(TASK BRIEF) In the listing below, find the line containing "研究生人文与科学素养系列讲座预告(5.7-5.13)" and the line containing "Fabric,No Assembly Required", then copy exactly everything from the first through the second, except the pictures.

(RECORDS)
Segment Open

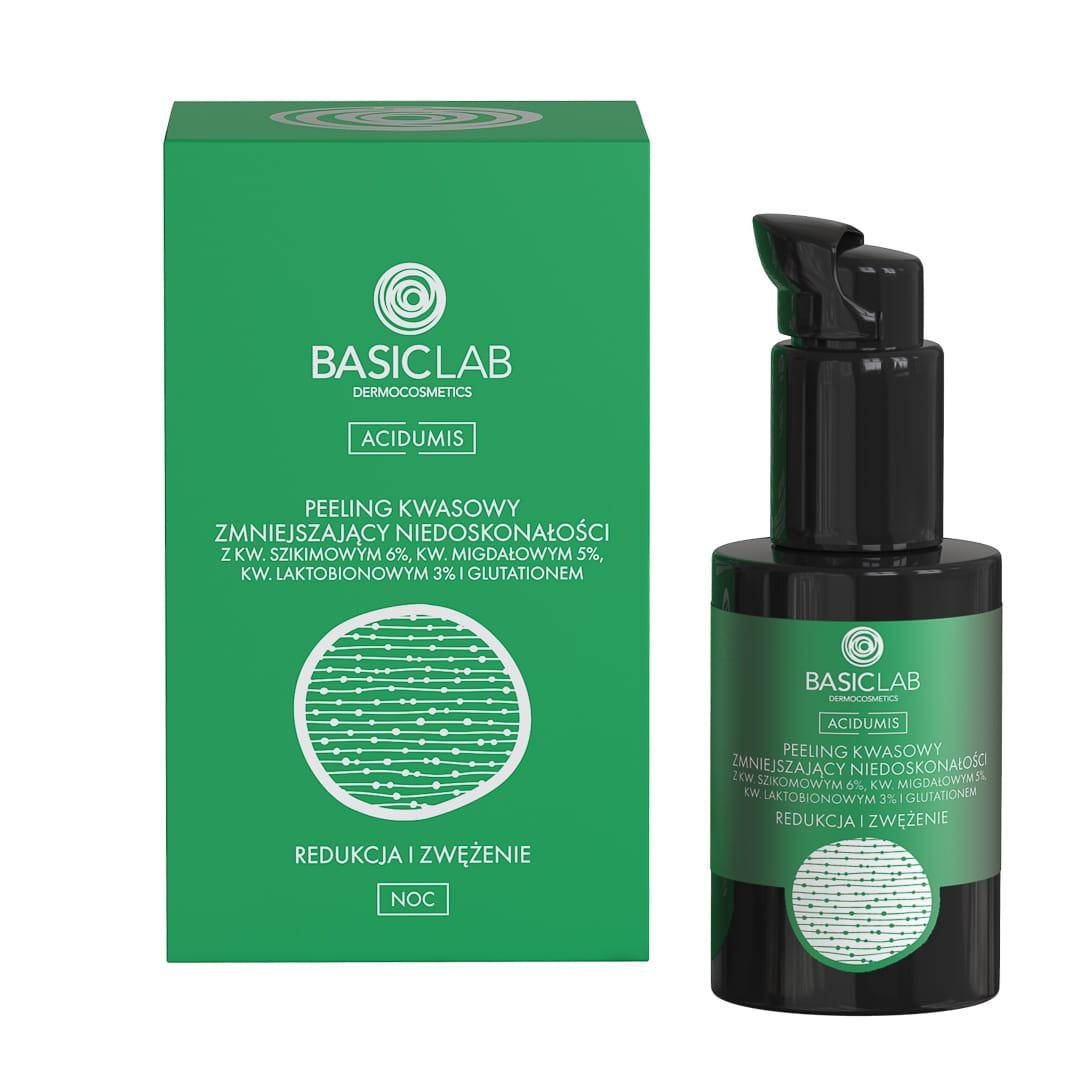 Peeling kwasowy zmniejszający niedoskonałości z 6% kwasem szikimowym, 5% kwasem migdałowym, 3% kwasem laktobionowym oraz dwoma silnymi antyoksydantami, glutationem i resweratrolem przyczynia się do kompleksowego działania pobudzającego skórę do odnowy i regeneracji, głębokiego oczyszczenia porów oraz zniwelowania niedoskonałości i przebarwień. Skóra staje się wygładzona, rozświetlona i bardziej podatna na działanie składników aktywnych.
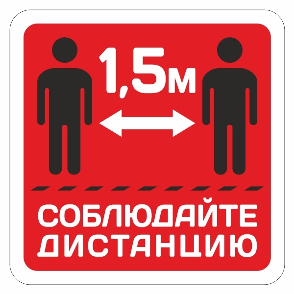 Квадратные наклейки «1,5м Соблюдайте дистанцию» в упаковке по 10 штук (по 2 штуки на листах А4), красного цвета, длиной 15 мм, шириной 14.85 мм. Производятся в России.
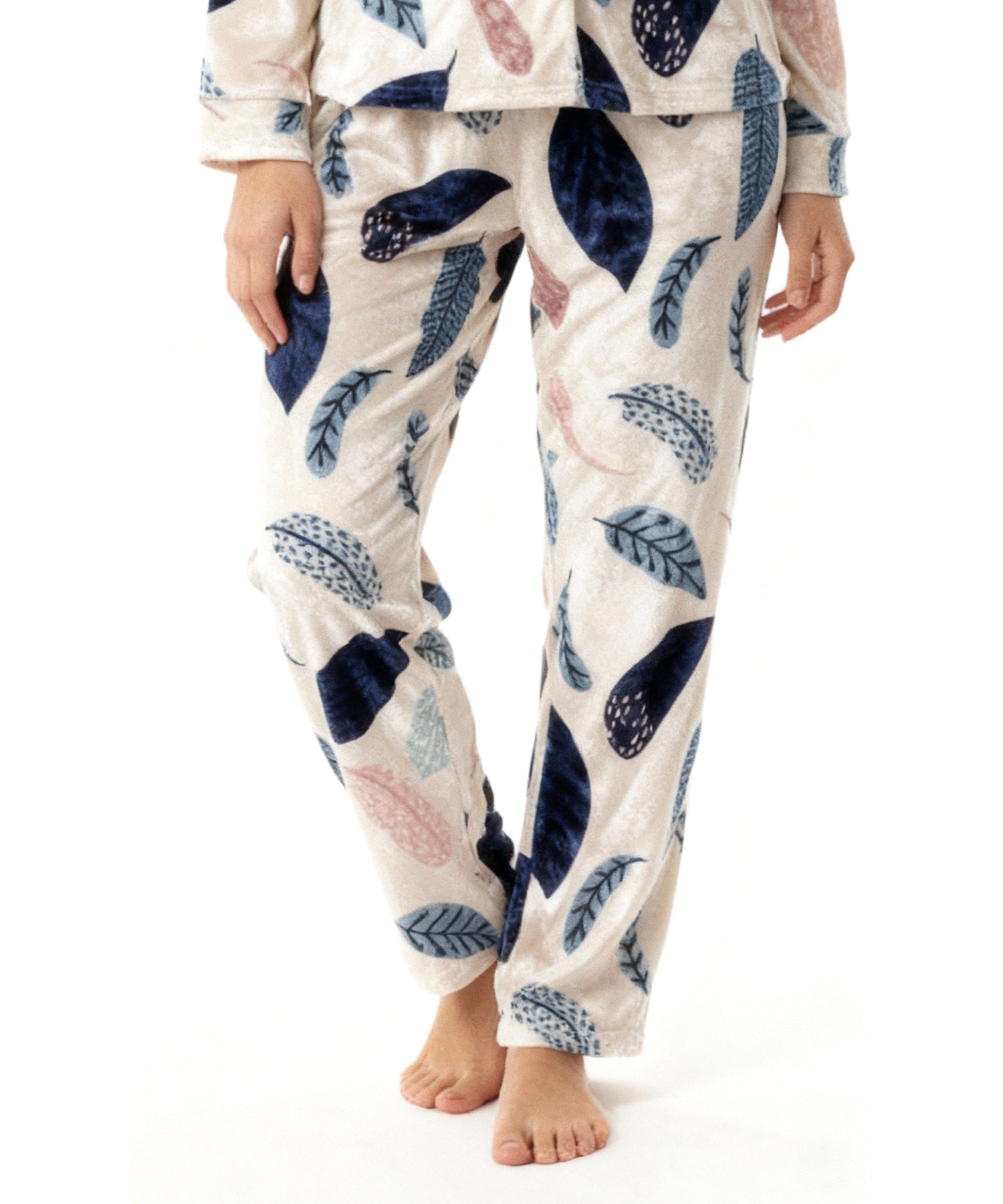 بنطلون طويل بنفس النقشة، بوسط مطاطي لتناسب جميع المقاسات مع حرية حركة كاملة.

Segment Closed
Segment Open

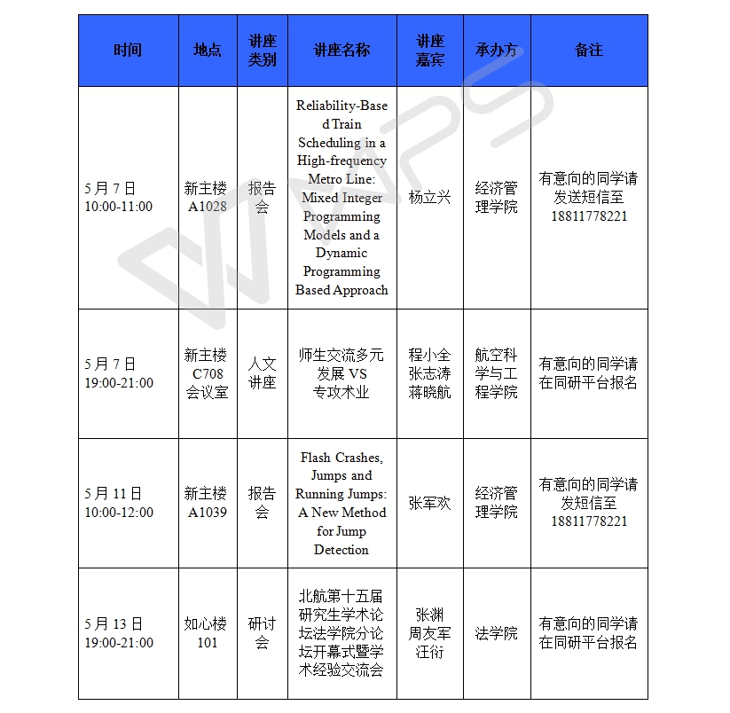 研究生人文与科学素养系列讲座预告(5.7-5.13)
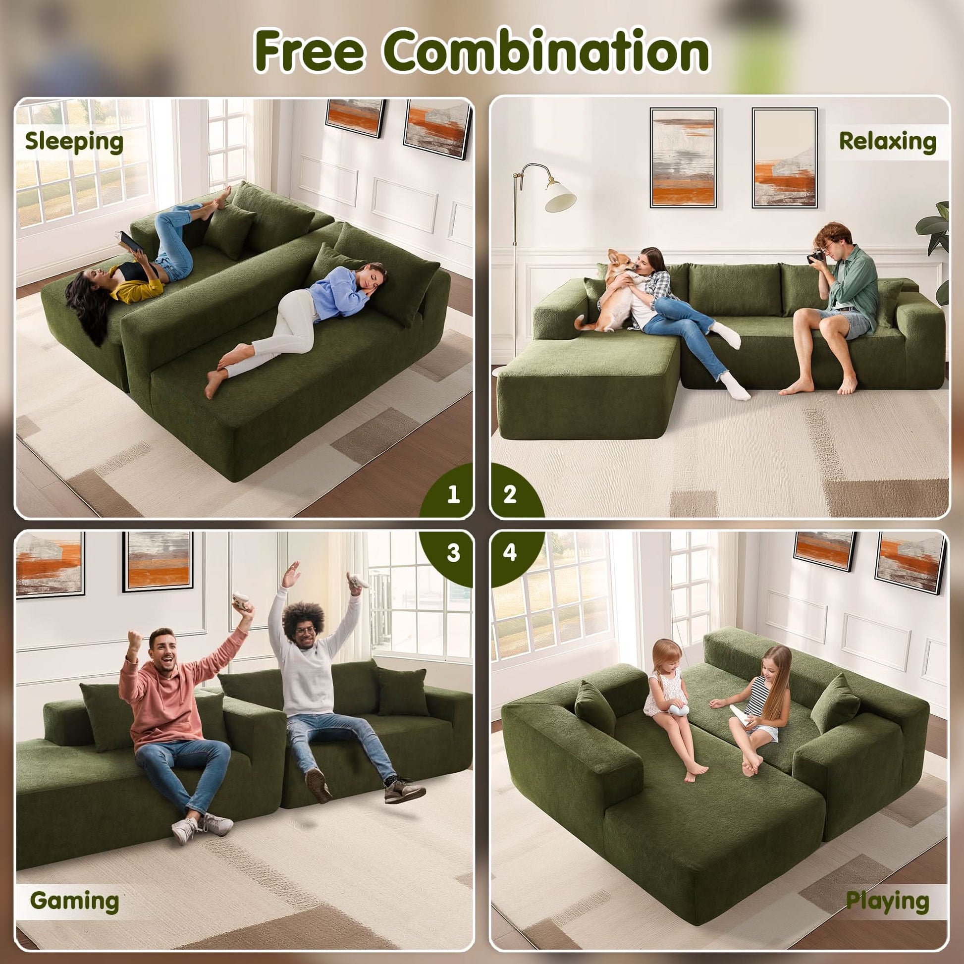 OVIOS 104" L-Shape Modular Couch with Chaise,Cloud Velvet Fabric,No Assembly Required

Segment Closed

(RESPONSE BELOW)
 研究生人文与科学素养系列讲座预告(5.7-5.13)
 OVIOS 104" L-Shape Modular Couch with Chaise,Cloud Velvet Fabric,No Assembly Required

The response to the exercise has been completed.